Pada praktikum kali ini bakteri yang digunakan dalam fermentasi biji kakao yaitu bakteri Saccharomyces cerevisiae, Lactobacillus lactis, dan Acetobacter aceti.
populasi Saccharomyces cerevisiae mengalami penurunan saat proses pengeringan dan kembali aktif setelah dilakukan rehidrasi kadar air pulp. Aktivitas S. cerevisiae juga dapat ditunjukan oleh kenaikan hasil degradasi gula menjadi etanol. S. cerevisiae mempunyai peran penting dalam fermentasi kakao terutama untuk menghasilkan alkohol dengan kondisi oksigen terbatas namun kadar gula relatif tinggi. Alkohol selanjutnya diubah menjadi asam asetat oleh A. aceti.
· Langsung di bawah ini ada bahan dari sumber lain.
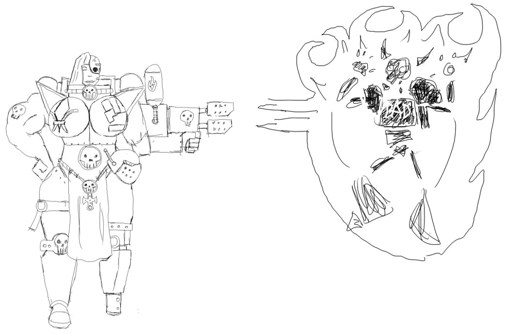 Someone dared me today on /tg/ to draw a Sister and here's the end result. Sister Huge, a giant sister who according to /tg/ has eaten marines, aliens, plasteel walls and even part of her own face. It was oddly pretty amusing, so I figure I see what you guys all throught of my drawfaggotry.

Setelah 24 jam fermentasi populasi S. cerevisiae mengalami penurunan hal ini disebakan oleh peningkatan jumlah etanol dan mulai membaiknya aerasi pada tumpukan massa biji, selanjutnya peran S. cerevisiae dilanjutkan oleh L. lactis karena kondisi lingkungan fermentasi mulai ideal untuk pertumbuhan bakteri L. lactis, dan kandungan gula pulp masih tersedia dalam jumlah kecil. L. lactis merupakan salah satu bakteri asam laktat yang bersifat anaerob atau mikroaerofilik. Pertumbuhan optimum bakteri asam laktat terjadi pada jam ke-36 sampai jam ke-72 fermentasi. Aktivitas L. lactis selama fermentasi juga ditunjukan dengan produksi asam laktat. Kandungan tertinggi asam laktat terjadi saat setelah 60 jam fermentasi. Semakin berkurangnya gula pada pulp serta mulai membaiknya aerasi juga meningkatnya suhu lingkungan fermentasi peran A. aceti dimulai.
A. aceti adalah bakteri asam asetat yang merombak etanol menjadi asam asetat. Pertumbuhan optimum bakteri asam asetat terjadi pada jam ke-24 sampai jam ke-72 fermentasi. Kosentrasi asam asetat tertinggi terjadi pada jam ke 84.
Kualitas biji kakao hasil fermentasi ditentukan terutama oleh keasaman (pH) dan keasaman biji selama fermentasi. Selama fermentasi mikroba mendegradasi gula pada pulp sehingga menghasilkan alkohol dan asam organik yang terdifusi kedalaam biji. Produksi asam dari degradasi pulp sangat penting dalam fermentasi, dengan terdifusinya asam kedalam biji menjadi awal reaksi biokimia dalam biji dimulai yang akan menghasilkan biji kakao fermentasi yang baik.
Biji kakao hasil fermentasi memiliki kualitas yang lebih baik dibandingkan dengan biji kakao yang tidak mengalami proses fermentasi. Biji kakao hasil fermentasi memiliki aroma, rasa, dan warna yang lebih berkualitas dan beraneka ragam sesuai dengan proses dan bakteri yang digunakan saat fermentasi.